They swept past her like they did Stephanie into the next room slipping soundless behind the door, Arthur shut it and it hisses at him with it's hinges. Alfred's house made more noise than Alfred did sometimes not matter how carefully one placed his foot on the ground or how softly he shut a door. It was inevitable and quite honestly drove Arthur nuts half the time.

"Hey Alfred didn't your mom make you clean out the closet last friday?" Arthur said with a huff, in he thought back on it he remember Alfred complaining about cleaning out a closet a week ago, however considering how big and old Nine house was he wouldn't be the least bit shocked in there was an extra nook or cranny hidden around somewhere amongst the dusty corners and untouched rooms.

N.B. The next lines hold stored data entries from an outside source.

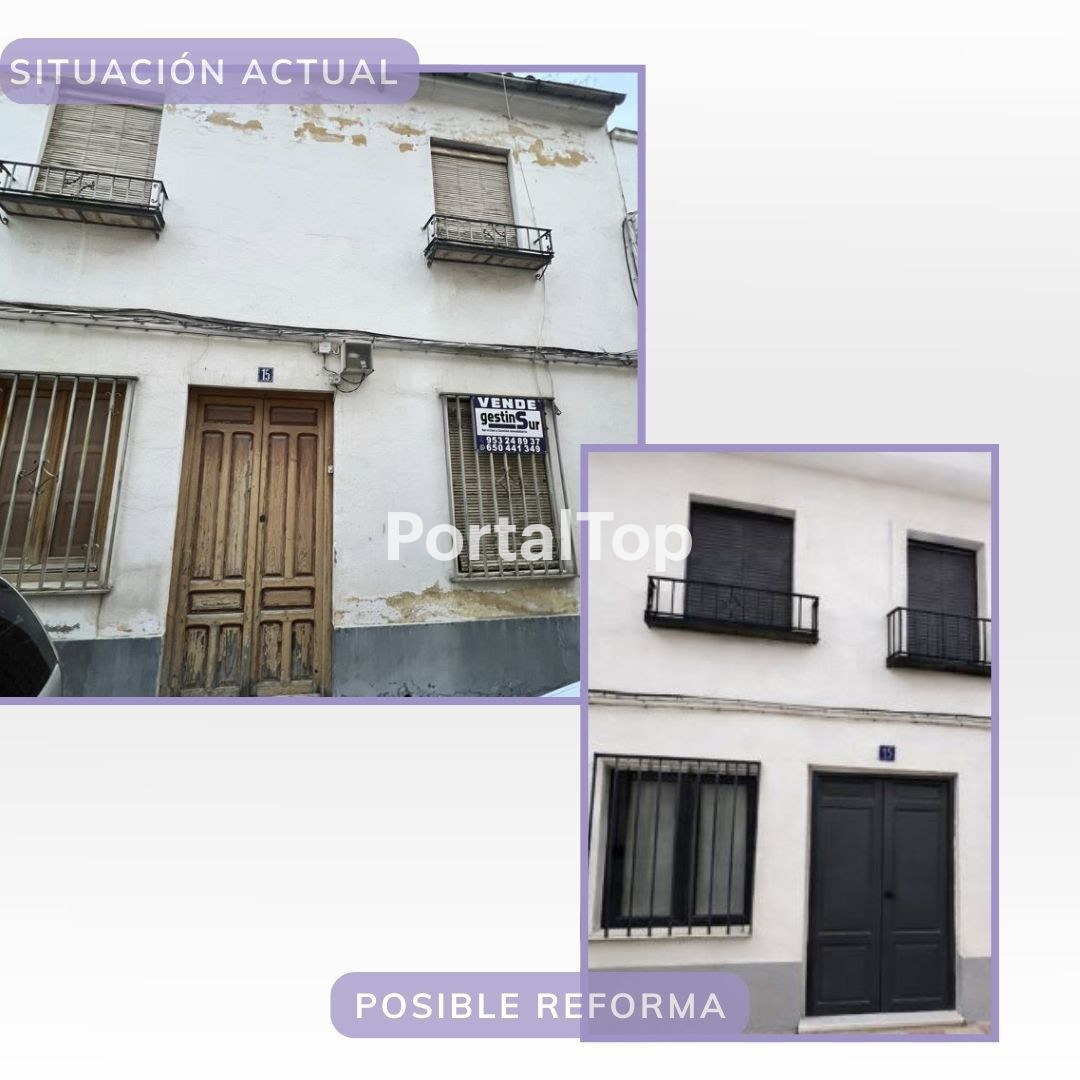 Casa céntrica con cochera en Torredonjimeno. Se vende acogedora vivienda situada en pleno centro de Torredonjimeno, en una ubicación privilegiada, a pocos pasos de comercios, bares, el teatro municipal y la plaza principal del municipio. La vivienda cuenta con 96 m2 construidos distribuidos en tres plantas, ofreciendo espacios cómodos y funcionales. Dispone de 4 dormitorios, 2 baños, salón, cocina, patio interior, terraza y cámara, ideal como zona de almacenamiento o posible espacio adicional. Además, la propiedad incluye una cochera anexa de 39 m2, con espacio suficiente para coche y zona de trastero, lo que aporta un gran valor añadido en una zona céntrica. Una excelente oportunidad tanto como vivienda familiar como para inversión, gracias a su buena ubicación y distribución. Ideal para aquellos que buscan personalizar su hogar a su gusto.
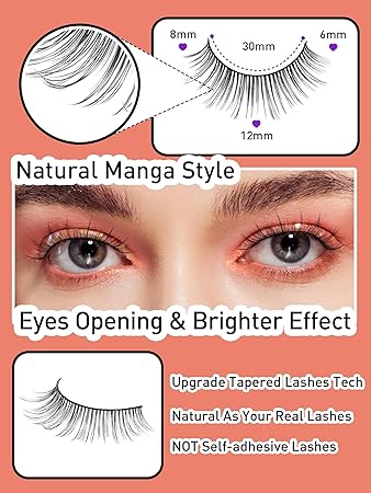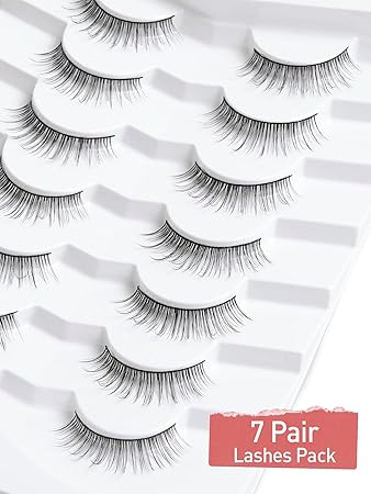 Natural Lashes Anime Eyelashes Wispy 12MM Strip Thin Band Manhua 3D Volume False 7 Pair Mink Korean Eye Pack Siligli
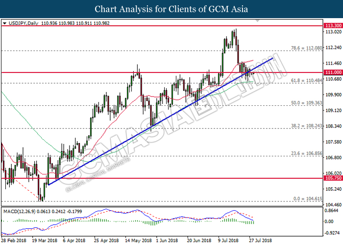 USDJPY, Daily: USDJPY telah didagang dengan lebih rendah selepas ia memecahkan garisan trend menaik. Namun, petunjuk MACD yang memaparkan penyusutan pada momentum menurun mencadangkan pasangan ini untuk melanjutkan keuntungannya pada jangka pendek selepas ia menutup di atas tahap rintangan 111.00.
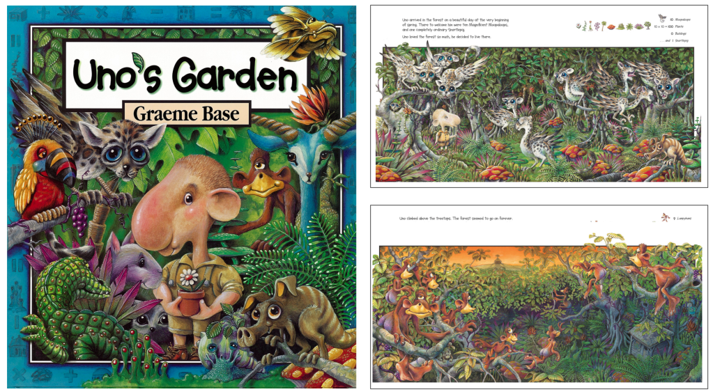 Uno’s garden follows the changes wrought by the arrival of men into a previously untouched forest populated by fantastical and magnificent creatures, and one completely ordinary snortlepig. As Uno build’s his home and more people arrive, as the small town becomes a village, then a city, then a megacity the animals begin to disappear until finally the last snortlepig is no more. Then… the people abandon their cheerless, overcrowded and dirty city, leaving Uno to rescue the last remaining tree. Uno and his family then begin the long and arduous job of re-establishing the forest and luring back the animals that had gone. The math shown in the book, further highlights the ease of destruction, and the hard labor and time needed to undo the damage.

"Yeah, but she says now I have to do Granny's closet now. said somethin' about not being able to do it herself." He pointed to a closet next to a thin vacant bed. "She also said if we do it it in less than an hour we get twenty bucks a pop so I see it as a win-win!"

Arthur fought hard not to roll his eyes back at that, but Alfred had a point a twenty was a twenty no matter what she was trying to bribe away from doing.

"All right so what is it exactly he have to do then?"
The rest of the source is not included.